Source data
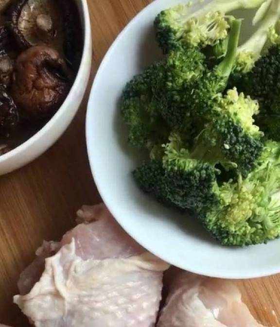 第三步:西兰花过热水,香菇提前泡发
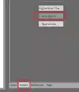 【步骤2】单击“Details”页签,单击“Attributes”按钮,在“Name”栏输入“开始日期”,“Type”栏输入“DateTime”。
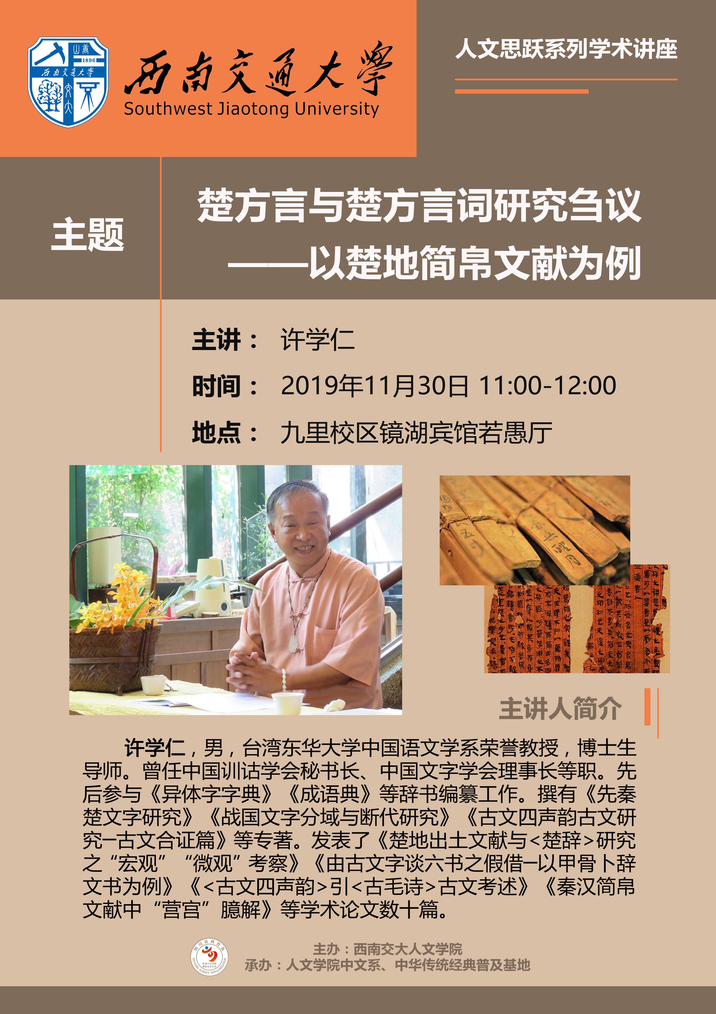 【讲座题目】楚方言与楚方言词研究刍议——以楚地简帛文献为例
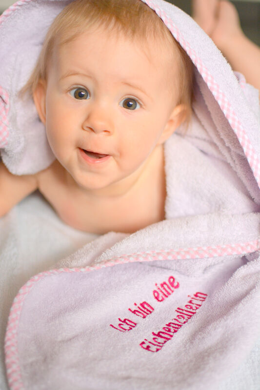 Als kleines Willkommensgeschenk erhalten die jungen Eltern zur Geburt ihres Kindes von der Gemeinde ein kuscheliges Badetuch mit gesticktem Schriftzug.
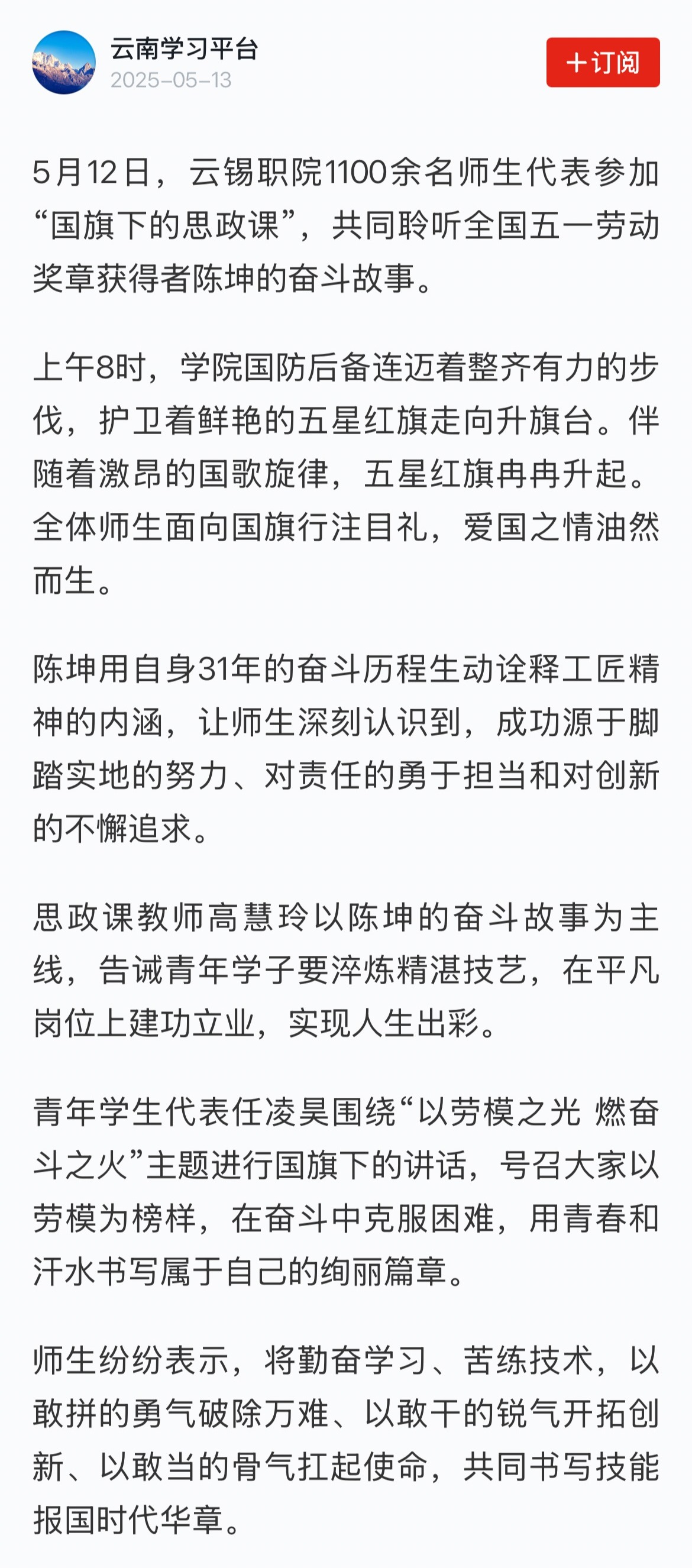 學(xué)習(xí)強(qiáng)國(guó):云錫職院以勞模之光 燃奮斗之火

**WHAT YOU WILL DO**
Repeat the records above exactly, leaving out any pictures they contain.

**FINISHED TASK**
 第三步:西兰花过热水,香菇提前泡发
 【步骤2】单击“Details”页签,单击“Attributes”按钮,在“Name”栏输入“开始日期”,“Type”栏输入“DateTime”。
 【讲座题目】楚方言与楚方言词研究刍议——以楚地简帛文献为例
 Als kleines Willkommensgeschenk erhalten die jungen Eltern zur Geburt ihres Kindes von der Gemeinde ein kuscheliges Badetuch mit gesticktem Schriftzug.
 學(xué)習(xí)強(qiáng)國(guó):云錫職院以勞模之光 燃奮斗之火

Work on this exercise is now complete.